Es werden unterschiedliche Sensorkonzepte unter Nutzung aktorbasierter und algorithmischer Kompensationsverfahren für den Lichtablenkungseffekt im wärmeinduzierten inhomogenen Brechungsindexfeld erforscht.

 

Figure 1: Multicamera Fringe Projection Sensor.

To achieve an algorithmically compensated geometry measurement, a multi-camera structured light projection sensor is being developed (Fig. 1). This allows for the redundant acquisition of geometric data from overlapping measurement areas based on different triangulation angles. Here, all camera-projector combinations form so-called stereo pair measuring units, with which 3D geometric data can be acquired. By analyzing the stereo pair measurement results, which are affected to varying degrees by the light deflection effect, and based on simulations of refractive index fields, an algorithmic correction of measurement values for cylindrical components can be realized. Additionally, using the Finite Element (FE) simulation software Comsol, a numerical model was implemented that illustrates the multiphysical relationship between heat-induced density reduction of air and the resulting light deflection effect, enabling virtual triangulation measurements under optical inhomogeneity (Fig. 2).

 

Figure 2: Relationship between heat-induced air density reduction and the resultant light deflection effect.

CURRENT WORK AND OUTLOOK

For the experimental validation of the algorithmic measurement correction and to carry out shrinkage or distortion measurements directly after the forming process, a measurement chamber sensor concept is being explored. This concept, through pressure reduction, aims to enable geometry characterization of hot Tailored Forming components with negligible refractive index field influence. The vacuum approach was initially validated using refractive index measurements by means of the two-dimensional (2D) background oriented schlieren (BOS) method. Fig. 3 shows the test setup with a vacuum chamber. The refractive index field around a hot measuring rod (approximately 1000 °C) inside the chamber at ambient pressure (p=987 mbar) and at reduced chamber pressure (about 64 mbar) is shown on the right side. It is evident that a reduction in pressure significantly decreases the variation of the refractive index in air. The loading of the vacuum chamber, a red-hot measuring cylinder within the chamber, and the sensor head for carrying out geometry measurements through the chamber measuring window are shown in Fig. 4.

Figure 3: Test rig with vacuum chamber.
Figure 4: Loading the vacuum chamber and chamber measurement window.

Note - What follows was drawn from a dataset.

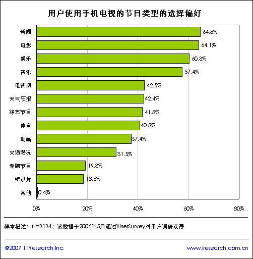 iReserach艾瑞市場咨詢《2007年手機(jī)電視研究報告》研究結(jié)果顯示,手機(jī)終端價格將是影響用戶使用手機(jī)電視業(yè)務(wù)的首要驅(qū)動因素,其次是手機(jī)電視服務(wù)資費(fèi)標(biāo)準(zhǔn)。另外研究數(shù)據(jù)發(fā)現(xiàn),手機(jī)用戶希望在手機(jī)電視上看到的內(nèi)容類別情況:新聞、電影、娛樂和音樂是用戶首要選擇的電視節(jié)目類型,用戶的提及率均在60%以上,另外用戶希望能夠通過手機(jī)看電視劇、天氣預(yù)報、綜合節(jié)目和體育等節(jié)目類型。由此發(fā)現(xiàn),新聞、娛樂和生活類資訊是用戶期望手機(jī)電視節(jié)目的重要類型。

For a comprehensive characterization of forging processes, it is also planned to couple a thermography camera with a triangulation sensor. This will enable the correlation of experimentally determined temperature and geometry data (4D model of the measurement object, Fig. 5). By comparing forming simulations and measurement data, a validation of the simulations can be achieved.

 

Figure 5: 4D model of the measurement object.